Extracted records:
_ _ _ _ _ _ _
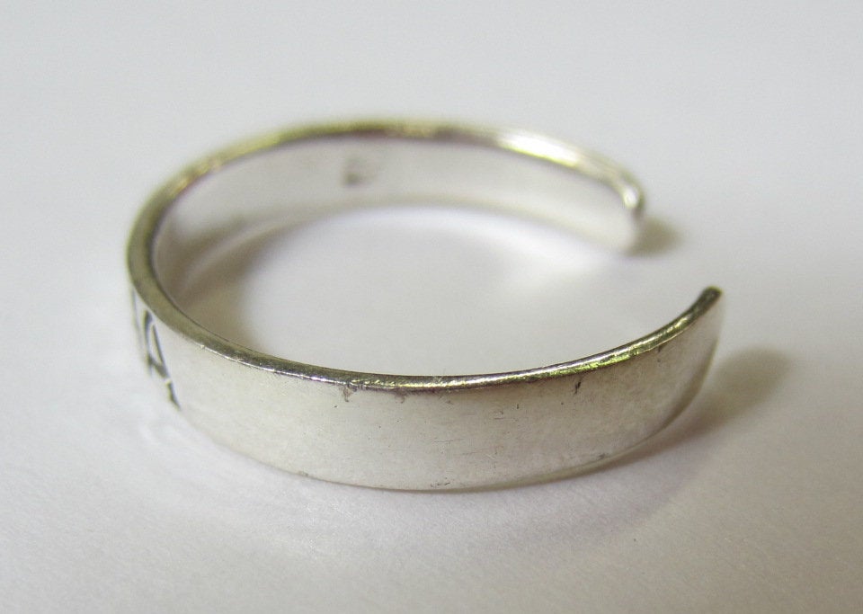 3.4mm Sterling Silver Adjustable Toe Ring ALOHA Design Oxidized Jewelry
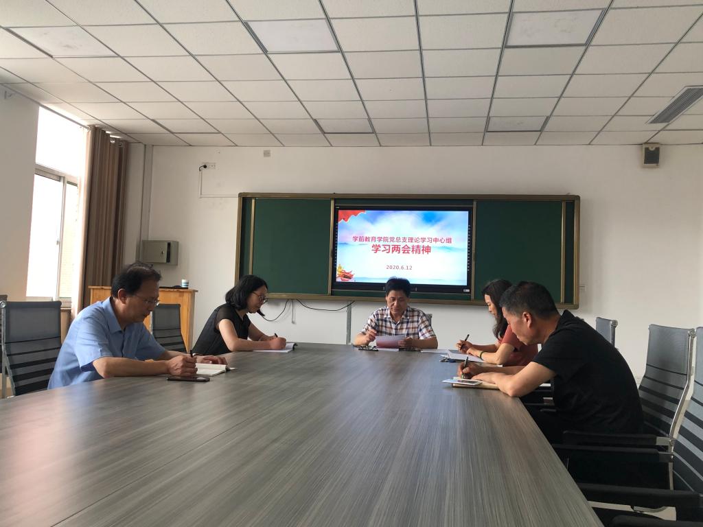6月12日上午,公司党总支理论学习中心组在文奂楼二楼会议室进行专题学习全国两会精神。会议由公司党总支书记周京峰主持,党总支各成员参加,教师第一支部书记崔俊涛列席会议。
_ _ _ _ _ _ _
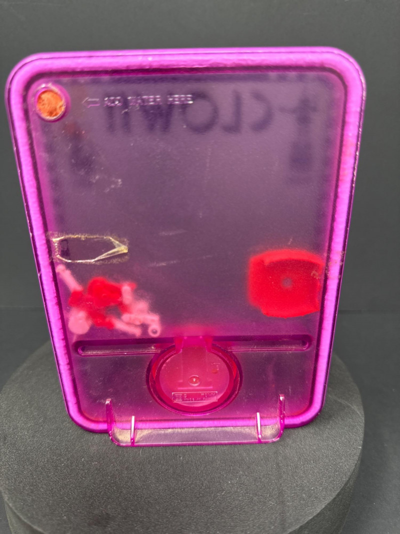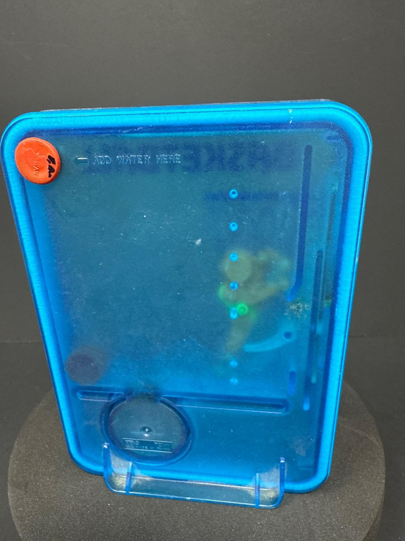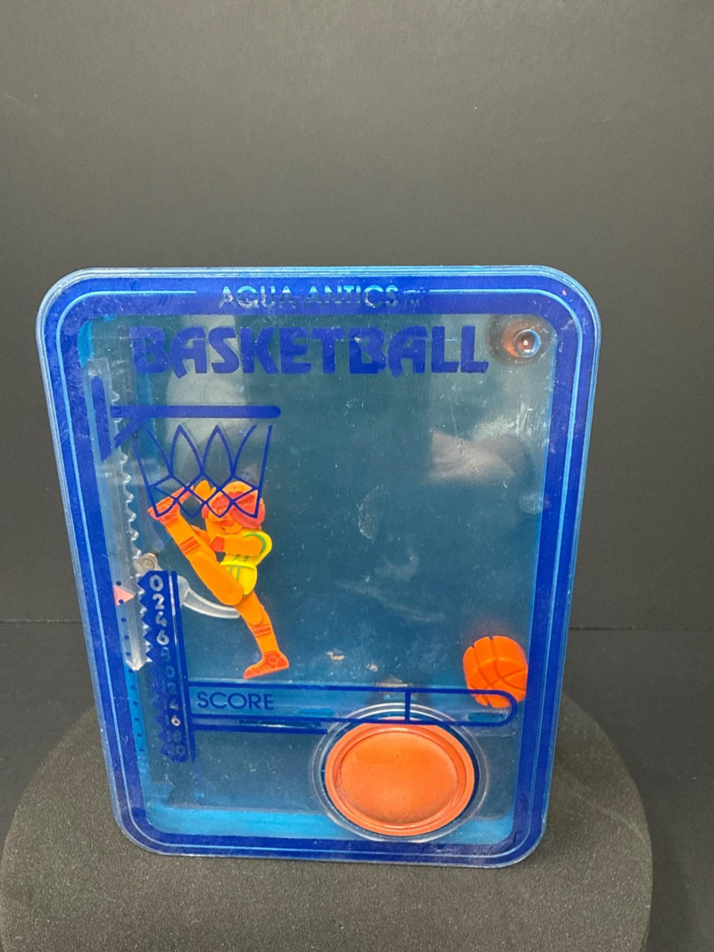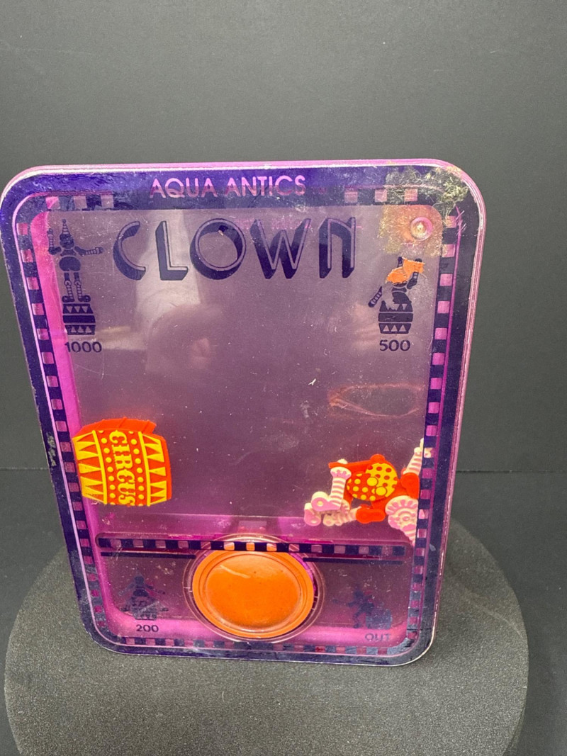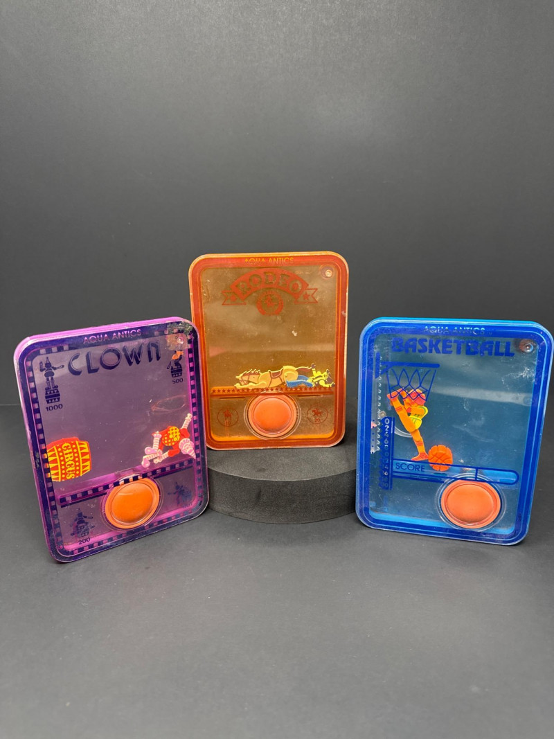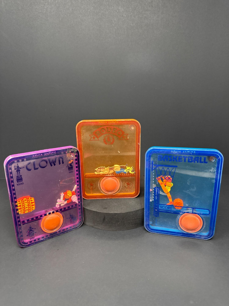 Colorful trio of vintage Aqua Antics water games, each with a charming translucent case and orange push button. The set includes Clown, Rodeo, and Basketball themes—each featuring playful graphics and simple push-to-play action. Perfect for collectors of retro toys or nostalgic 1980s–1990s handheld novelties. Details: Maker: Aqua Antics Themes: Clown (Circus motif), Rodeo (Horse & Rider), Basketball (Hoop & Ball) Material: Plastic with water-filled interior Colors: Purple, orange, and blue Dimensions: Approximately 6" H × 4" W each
_ _ _ _ _ _ _
Instructions for the task: Above are some records. Output exactly the lines from the one that contains "3.4mm Sterling Silver" to the one that contains "6月12日上午,公司党总支理", keeping both, and omit the pictures.

Answer space:
 3.4mm Sterling Silver Adjustable Toe Ring ALOHA Design Oxidized Jewelry
6月12日上午,公司党总支理论学习中心组在文奂楼二楼会议室进行专题学习全国两会精神。会议由公司党总支书记周京峰主持,党总支各成员参加,教师第一支部书记崔俊涛列席会议。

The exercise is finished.